Fees collected by the Simon Fraser Student Society have long subsidized its campus pub, the Highland. The year before Keenan Midgley took over as treasurer in 2011, it lost $314,000. It had new tables, mountain views and paid no rent, but unionized student servers earned $14.50 per hour plus tips (now $15.27 plus tips, thanks to annual cost-of-living increases), while off-campus competitors paid the $9 minimum wage. Contracts guaranteed a minimum of two shifts weekly and no less than four hours per shift, even when the pub was not busy. The executive considered contracting out the service, but the collective agreement prevented it. “Every year people are like, ‘Let’s fix the pub, let’s make it profitable,’ ” he says. “They don’t understand how restrictive it is to manage.” On top of that, the non-unionized pub manager could only be replaced with a hefty severance package. The pub lost $309,000 during Midgley’s term. The next administration replaced the pub manager anyway, at a “significant” cost.
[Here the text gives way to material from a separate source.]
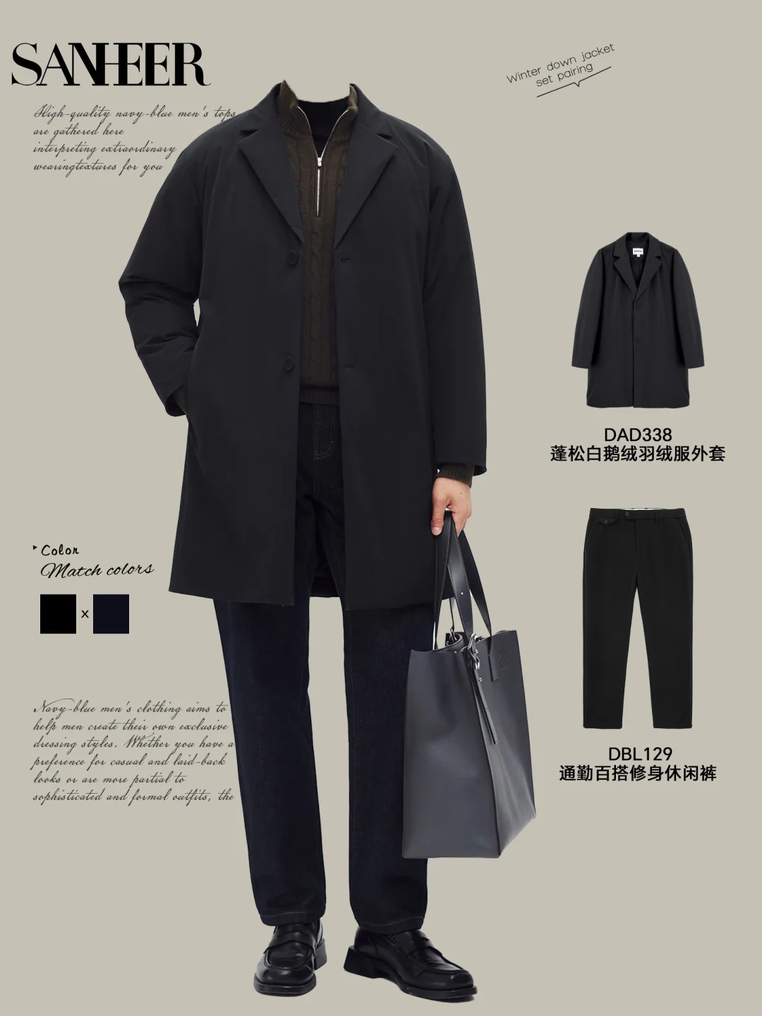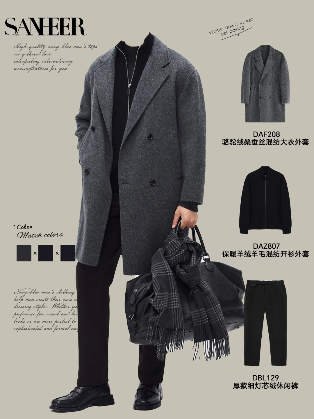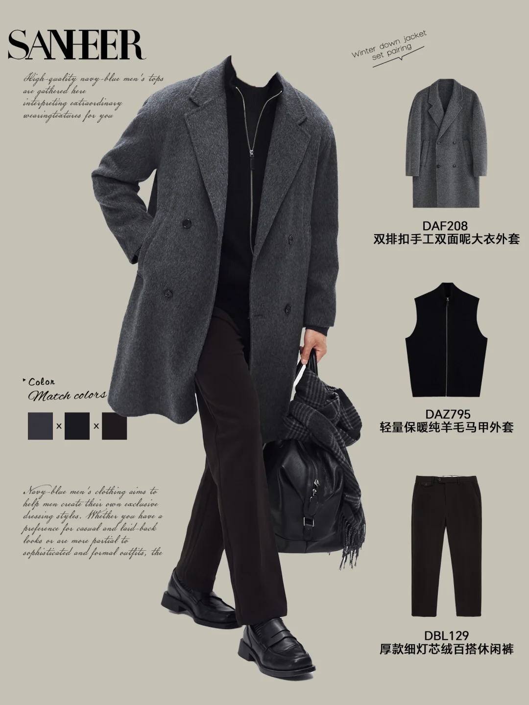 黑色厚外套+白衬衫+灰色西裤+德比鞋

Labour unions have been organizing workers on campus for decades, and student employees—who work at many campus pubs—are more open to unionization, says labour expert Mark Thompson, professor emeritus at UBC. “The more savvy workers will have observed the vagaries of student politics and want the protections that a collective agreement provides.”

Indeed, unions hold leadership elections each year, and it takes time for new people to get up to speed. “With the board changing every year, a lot of people don’t understand what they can accomplish, what their power is, basically, until the middle of the term,” says Midgley. “Once they get around to doing something, it’s often too late.” On top of that, they usually rely on full-time staff to show them the ropes and risk alienating them if they don’t sign favourable contracts. Midgley’s executive spent much of the term dealing with another labour issue and there simply wasn’t time to tackle the Highland, too.

John Flipse, the SFU pub’s new boss, faced complaints when he cancelled the weekly $2 burger special and charged students coming into the pub on Wings Wednesday a cover charge when they stayed past 9 p.m. Flipse won the burger battle but lost the cover-charge challenge, despite reminding the board that the Highland lost $420,000 last year.

Karla Voth was fresh out of college when she was hired in 2011 to take over SUDS, the money-losing pub owned by the Brandon University Students’ Union. Food costs were out of control and the bar was paying bouncers to watch over an often empty room. Then the faculty went on strike for 45 days. After laying off wait staff and advertising to picketing professors, she lost $13,000, but the student union was pleased; her predecessor had lost more than $20,000 a year. The next year, SUDS finally turned a profit of $22,000.

Some student leaders see losses as part of the cost of doing business. Candace Simms, the executive director of external affairs for the MUN student union, says it’s more important to provide a safe space with affordable products than to break even.

The goal is the same at Queen’s University in Kingston, but the Underground nightclub and the Queen’s Pub together generate enough cash most years to cover costs plus a portion of the Alma Mater Society’s overhead.

Nicola Plummer, a vice-president of the society, says the AMS is different than most student societies in Canada because eight salaried student managers (who earn slightly more than minimum wage) run the places. They divvy up tasks and take turns overseeing student servers who earn minimum wage plus tips. By 9 p.m. on opening night, the club’s line was the longest Plummer had ever seen. So long, in fact, that she rolled up her sleeves and started clearing tables. They hit maximum capacity—370 people—within minutes.